I have two csv files which have different row numbers.
test1.csv
num,sam
1,1.2
2,1.13
3,0.99
test2.csv
num,sam
1,1.2
2,1.1
3,0.99
4,1.02
I would like to read the sam columns and append them to an empty dataframe. Thing is that, when I read test1.csv, I extract the base file name, test1 and want to append the sam column based on the `column header in the empty dataframe.
big_df = pd.DataFrame(columns =['test1','test2'])
pwd = os.getcwd()
for file in os.listdir(pwd):
filename = os.fsdecode(file)
if filename.endswith(".csv"):
prog = filename.split('.')[0] # test1 test2
df = pd.read_csv(filename, usecols=['sam'])

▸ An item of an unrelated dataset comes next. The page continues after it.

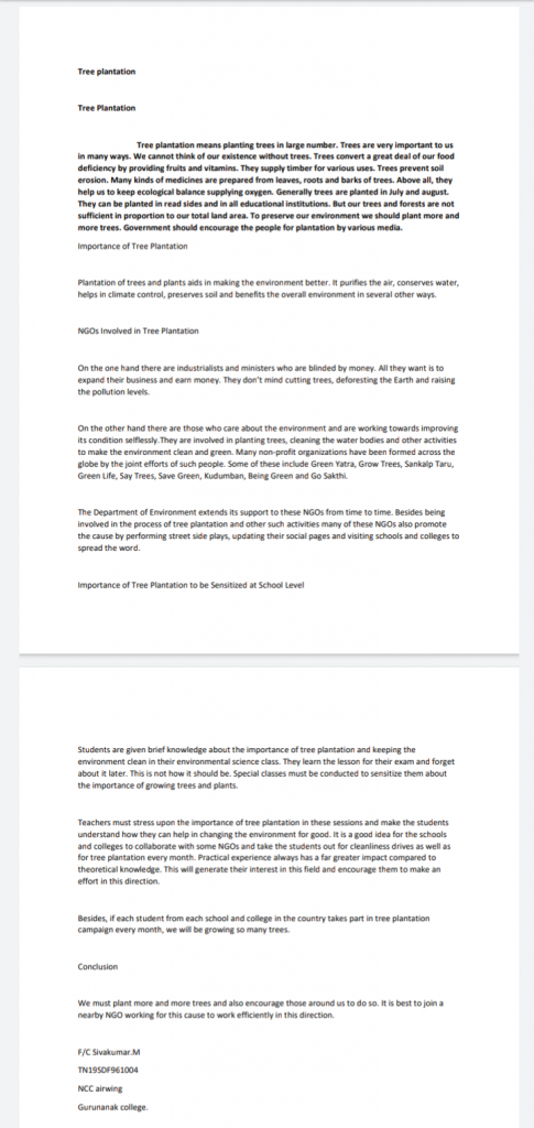 This is an article written by Cadet Shivangi Pandit (Reg no.- DL20ASW900327) on the topic tree plantation highlighting the importance of trees in our life and future generations.

# The read dataframe has one column
# Move/append that column to the big_df where column == prog
big_df[prog] = df
print(big_df)
But big_df misses the fourth row of test2.csv.
test1 test2
0 1.20 1.20
1 1.13 1.1
2 0.99 0.99
I expect to see
test1 test2
0 1.20 1.20
1 1.13 1.1
2 0.99 0.99
3 NaN 1.02
How can I fix that?
CodePudding user response:
Using pandas.concat and a simple dictionary comprehension:
files = ['test1.csv', 'test2.csv']
df = pd.concat({f.rsplit('.', 1)[0]: pd.read_csv(f).set_index('num')['sam']
for f in files}, axis=1)
output:
test1 test2
num
1 1.20 1.20
2 1.13 1.10
3 0.99 0.99
4 NaN 1.02
CodePudding user response:
You could approach it differently and use concat instead of creating an empty data frame in the first place. Might be also a bit more efficient. In code that reads like
def get_columns():
for file in os.listdir(pwd):
filename = os.fsdecode(file)
if filename.endswith(".csv"):
prog = filename.split('.')[0] # test1 test2
yield pd.read_csv(filename, usecols=['sam'])['sam'].rename(prog)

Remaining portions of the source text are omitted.